Eggless Caramel Ice Cream

Eggless Caramel Ice Cream.  I created this delicious concoction by accident and I am so glad my ingredients were lacking that day because I just love how this creamy dessert turned out.

Every time I go to Costco I buy Half & Half. Mainly because I hate to use cream and sometimes I just can’t make a sauce work with just milk. I also love it because you can get a half gallon of half & half at Costco for something ridiculously cheap like $3. The dilemma I face is that I hate to waste and I just don’t use very much half & half. Many times I end up dumping much of it down the drain, which I just hate to do. I have found a solution to my quandary…

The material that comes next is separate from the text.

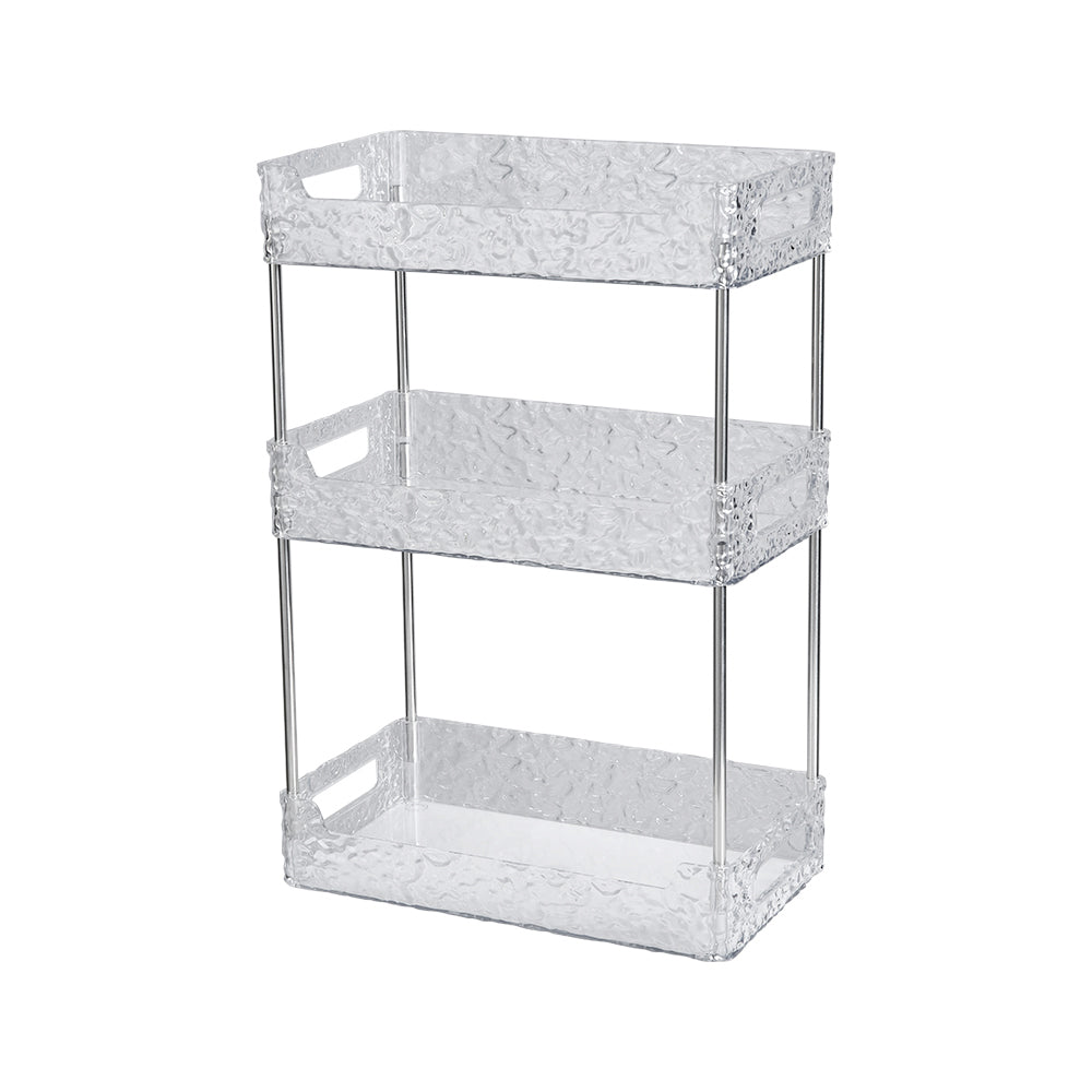 Elevate your bathroom with this stunningly simple yet elegant storage organiser. Crafted from crystal-clear, high-quality PET material with a delicate textured finish, it adds a touch of sophistication to any space. The sturdy stainless steel support ensures stability and prevents tipping, keeping your essentials safe and secure. With its three-tier open design, you can neatly arrange toiletries, cosmetics, and towels for instant organisation. This is not just practical storage – it is a beautiful upgrade that transforms your bathroom into a tidy and luxurious haven.

Yesterday it was particularly hot and I was craving ice cream. I thought what better way to use this half & half. I was faced with a larger conundrum when I realized I was out of eggs. I searched the web for eggless ice cream recipes and fused a bunch together to come up with this brown sugar, butter ice cream. I ate it for breakfast – it is so good. I am actually pretty embarrassed because I think it might be gone before my husband gets home and he loved it. I think I will need to make more, lord knows I have enough half & half.

Eggless Caramel Ice Cream

Ingredients
2 T. butter
1/2 c. light brown sugar, firmly packed
2 cups half & half
1 tsp. pure vanilla extract
1/4 tsp. salt

Directions
Melt the butter, brown sugar and salt over medium heat in a medium saucepan until melted and fully incorporated. Once melted, add the half & half and stir over low heat until the brown sugar mixture and half & half is fully incorporated.

Remove from the heat and add the vanilla. Refrigerate for 8 hours and then freeze according to your ice cream makers directions.

This ice cream is so delicious you won’t miss the eggs or the cream!